The modern F1 engines are 1.6-liter V6 engines. This means that they have six cylinders arranged in a V-shape, with a total combined swept volume of 1.6 liters. The current regulations also place a limit on the amount of fuel that can be used for a race (110kg), so the internal combustion engine design is maximized for fuel efficiency.

This engine is the smallest to be used in F1 for many years. In the late 90s the cars raced with 3.0-liter engines, commonly as V10s. It was during this era and into the early 2000s that internal combustion engine technology was pushing power and engine revs to incredible limits. These are the roaring engines that many older fans consider to be part of the heart of the F1 experience.

Therefore, in the next iteration of the engine regulations (2006 to 2013), they were defined as 2.4-liter V8s. A host of other restrictions were introduced to limit the power and enhance reliability – an artificial rev limiter was introduced at 19,000 RPM, eventually reduced to 18,000 RPM.

The limit on number of engines per season was also introduced – in 2009 only 8 engines were allowed per driver for the season. Now, it’s three for most components, aside from the ECU and energy store, of which a driver can only use two per season without penalties.

Motor Generator Unit – Kinetic (MGU-K)

The MGU-K started out as KERS in 2009, or Kinetic Energy Recovery System. Essentially, it uses generators on the wheels to perform regenerative braking. When the car needs to brake, an electromagnetic field is used to provide a retarding force on the revolution of the wheels. This actually generates a current (like a standard electrical generator) which then charges a battery (the ES).

The energy that is stored in this battery can then be sent back to the wheels at another time where the MGU-K acts as a motor (hence ‘motor generator’). The electrical energy is used to provide a positive electromagnetic force (in the same direction of rotation of the wheels) to give an extra boost in overall power.

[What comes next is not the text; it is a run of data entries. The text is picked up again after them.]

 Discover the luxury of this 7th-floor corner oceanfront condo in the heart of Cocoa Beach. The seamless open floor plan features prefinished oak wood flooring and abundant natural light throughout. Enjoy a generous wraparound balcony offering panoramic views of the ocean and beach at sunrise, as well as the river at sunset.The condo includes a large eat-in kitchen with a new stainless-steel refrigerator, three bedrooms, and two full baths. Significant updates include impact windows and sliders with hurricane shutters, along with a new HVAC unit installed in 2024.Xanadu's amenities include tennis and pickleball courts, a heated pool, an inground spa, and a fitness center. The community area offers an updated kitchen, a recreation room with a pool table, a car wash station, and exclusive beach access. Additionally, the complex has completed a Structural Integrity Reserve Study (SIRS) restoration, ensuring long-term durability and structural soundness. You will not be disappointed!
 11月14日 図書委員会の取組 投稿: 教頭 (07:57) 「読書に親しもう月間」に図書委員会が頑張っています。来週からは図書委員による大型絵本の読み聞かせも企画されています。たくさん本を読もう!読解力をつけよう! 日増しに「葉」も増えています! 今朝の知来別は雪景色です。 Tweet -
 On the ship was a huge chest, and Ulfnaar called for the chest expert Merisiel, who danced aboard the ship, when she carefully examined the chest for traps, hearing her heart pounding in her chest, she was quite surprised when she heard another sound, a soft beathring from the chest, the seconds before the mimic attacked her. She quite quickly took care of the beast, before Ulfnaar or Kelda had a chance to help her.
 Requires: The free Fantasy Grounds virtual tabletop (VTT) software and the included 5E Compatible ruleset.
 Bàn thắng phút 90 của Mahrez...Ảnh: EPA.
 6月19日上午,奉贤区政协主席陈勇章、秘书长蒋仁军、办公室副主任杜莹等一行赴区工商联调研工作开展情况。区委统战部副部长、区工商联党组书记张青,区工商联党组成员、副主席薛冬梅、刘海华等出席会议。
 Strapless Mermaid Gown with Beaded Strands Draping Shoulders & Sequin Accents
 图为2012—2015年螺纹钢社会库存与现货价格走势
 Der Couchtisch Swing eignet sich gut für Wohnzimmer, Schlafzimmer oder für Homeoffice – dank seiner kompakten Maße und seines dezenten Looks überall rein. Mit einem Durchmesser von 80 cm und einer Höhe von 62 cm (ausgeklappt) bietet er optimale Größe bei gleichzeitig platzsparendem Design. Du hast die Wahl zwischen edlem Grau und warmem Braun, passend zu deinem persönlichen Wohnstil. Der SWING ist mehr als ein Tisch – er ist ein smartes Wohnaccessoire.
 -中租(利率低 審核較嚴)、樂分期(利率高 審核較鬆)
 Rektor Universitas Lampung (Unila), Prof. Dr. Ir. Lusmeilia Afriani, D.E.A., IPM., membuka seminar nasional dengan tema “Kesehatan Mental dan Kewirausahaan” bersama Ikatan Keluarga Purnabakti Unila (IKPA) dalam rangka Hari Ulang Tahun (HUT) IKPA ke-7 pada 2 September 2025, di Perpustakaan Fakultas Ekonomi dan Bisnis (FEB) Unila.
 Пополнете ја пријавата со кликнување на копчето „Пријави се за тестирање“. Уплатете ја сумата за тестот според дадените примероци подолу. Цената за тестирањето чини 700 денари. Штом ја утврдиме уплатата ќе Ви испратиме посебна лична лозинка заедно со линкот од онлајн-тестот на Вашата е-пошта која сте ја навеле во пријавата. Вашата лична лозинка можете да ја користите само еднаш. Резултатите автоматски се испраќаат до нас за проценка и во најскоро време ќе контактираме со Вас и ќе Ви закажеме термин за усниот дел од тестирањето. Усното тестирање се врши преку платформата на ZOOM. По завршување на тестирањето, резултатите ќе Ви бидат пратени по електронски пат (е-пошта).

Due to the MGU-K decelerating the car to harvest energy, the brakes on modern F1 cars are smaller than they would be without the MGU-K installed. Brake discs and pads decelerate a car by applying friction (stationary pads pressing on the rotating disc) and converting that friction to heat. The MGU-K harvests some of that kinetic (movement) energy as electricity rather than it being wasted as heat.

Heat Motor Generator Unit (MGU-H)

The heat motor generator unit uses excess hot exhaust gases from the engine (which do not go through the turbo) to turn a generator that generates electricity. This electricity is either used to charge the onboard battery or alternatively to turn the compressor of the turbocharger to eliminate turbo lag (see below).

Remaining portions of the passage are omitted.